Talks: Supercharging Pipeline Efficiency with ML Performance Prediction

Sunday - April 23rd, 2023 1:45 p.m.-2:15 p.m. in 255DEF

Presented by:

Experience Level:

Some experience

Description

To process our customers' data, Singular's pipeline runs hundreds of thousands of daily tasks, each with a different processing time and resource requirements. We deal with this scale by using Celery and Kubernetes as our tasks infrastructure, letting us allocate dedicated workers and queues to each type of task based on its requirements. Originally, this was configured manually.

As our customer base grew, we noticed that heavier and longer tasks were grabbing all the resources and causing unacceptable queues in our pipeline.

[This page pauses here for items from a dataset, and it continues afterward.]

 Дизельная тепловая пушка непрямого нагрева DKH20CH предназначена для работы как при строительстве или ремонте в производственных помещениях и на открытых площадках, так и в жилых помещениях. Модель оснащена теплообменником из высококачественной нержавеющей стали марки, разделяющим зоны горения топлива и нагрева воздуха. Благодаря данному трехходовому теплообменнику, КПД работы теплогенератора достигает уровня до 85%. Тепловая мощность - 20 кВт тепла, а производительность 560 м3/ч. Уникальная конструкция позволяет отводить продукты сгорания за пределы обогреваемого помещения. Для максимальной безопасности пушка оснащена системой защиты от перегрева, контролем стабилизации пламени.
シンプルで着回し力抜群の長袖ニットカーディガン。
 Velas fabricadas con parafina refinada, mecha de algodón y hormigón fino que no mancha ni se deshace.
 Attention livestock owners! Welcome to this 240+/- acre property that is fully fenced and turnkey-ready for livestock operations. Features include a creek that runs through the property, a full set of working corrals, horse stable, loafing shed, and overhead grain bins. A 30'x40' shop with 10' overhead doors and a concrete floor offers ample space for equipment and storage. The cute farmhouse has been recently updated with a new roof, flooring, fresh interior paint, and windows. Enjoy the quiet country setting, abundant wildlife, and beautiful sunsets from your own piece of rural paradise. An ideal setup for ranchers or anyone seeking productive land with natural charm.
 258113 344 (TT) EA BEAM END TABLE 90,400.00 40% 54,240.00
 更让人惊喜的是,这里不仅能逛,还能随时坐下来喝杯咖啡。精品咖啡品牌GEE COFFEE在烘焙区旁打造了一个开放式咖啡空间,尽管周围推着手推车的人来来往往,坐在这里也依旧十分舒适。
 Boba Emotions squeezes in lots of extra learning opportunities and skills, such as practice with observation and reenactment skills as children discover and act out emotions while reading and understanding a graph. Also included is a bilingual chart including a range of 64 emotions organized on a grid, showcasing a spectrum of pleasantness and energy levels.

Moreover, some of the heavier tasks required significantly more memory, leading to OOM kills and infrastructure issues.

If we could classify tasks by their expected duration and memory requirements, we could have segregated tasks in Celery based on these properties and thus minimized interruptions to the rest of the pipeline. However, the variance in the size and granularity of the fetched data made it impossible to classify if a task was about to take one minute or one hour.

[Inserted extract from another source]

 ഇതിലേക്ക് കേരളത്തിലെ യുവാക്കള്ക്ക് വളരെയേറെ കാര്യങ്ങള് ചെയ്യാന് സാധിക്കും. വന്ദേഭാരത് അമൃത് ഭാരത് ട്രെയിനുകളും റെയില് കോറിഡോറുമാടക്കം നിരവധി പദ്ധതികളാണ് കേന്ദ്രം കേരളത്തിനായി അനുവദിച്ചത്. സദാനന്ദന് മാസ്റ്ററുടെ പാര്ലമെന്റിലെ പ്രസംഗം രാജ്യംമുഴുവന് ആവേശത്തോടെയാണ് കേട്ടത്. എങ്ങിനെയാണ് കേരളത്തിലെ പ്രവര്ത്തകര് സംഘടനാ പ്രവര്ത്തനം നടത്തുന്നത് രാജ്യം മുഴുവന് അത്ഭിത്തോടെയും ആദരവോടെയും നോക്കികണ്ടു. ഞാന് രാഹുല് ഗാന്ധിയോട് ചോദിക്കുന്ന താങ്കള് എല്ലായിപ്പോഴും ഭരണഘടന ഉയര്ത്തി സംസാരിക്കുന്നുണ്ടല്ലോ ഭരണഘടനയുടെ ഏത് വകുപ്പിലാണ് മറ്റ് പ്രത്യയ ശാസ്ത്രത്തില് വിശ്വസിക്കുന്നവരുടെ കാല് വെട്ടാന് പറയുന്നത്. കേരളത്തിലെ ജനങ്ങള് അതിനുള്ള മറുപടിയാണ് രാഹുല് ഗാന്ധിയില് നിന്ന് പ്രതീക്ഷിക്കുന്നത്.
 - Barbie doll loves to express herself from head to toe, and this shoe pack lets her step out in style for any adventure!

Our challenge was: how do we categorize these tasks, accurately and automatically? To solve the issue we implemented a machine-learning model that could predict the expected duration and memory usage of a given task. Using Celery’s advanced task routing capabilities, we could then dynamically configure different task queues based on the model's prediction.

This raised another challenge - how could we use the classified queues in the best way? Configuring workers statically for each queue would be inadequate at scale. We utilized Kubernetes’ vertical and horizontal autoscaling capabilities to dynamically allocate workers for each classified queue based on its length. This improved our ability to respond to pipeline load automatically, increasing performance and availability. Additionally, we were able to deploy shorter-lived workers on AWS Spot instances, giving us higher performance while lowering cloud costs.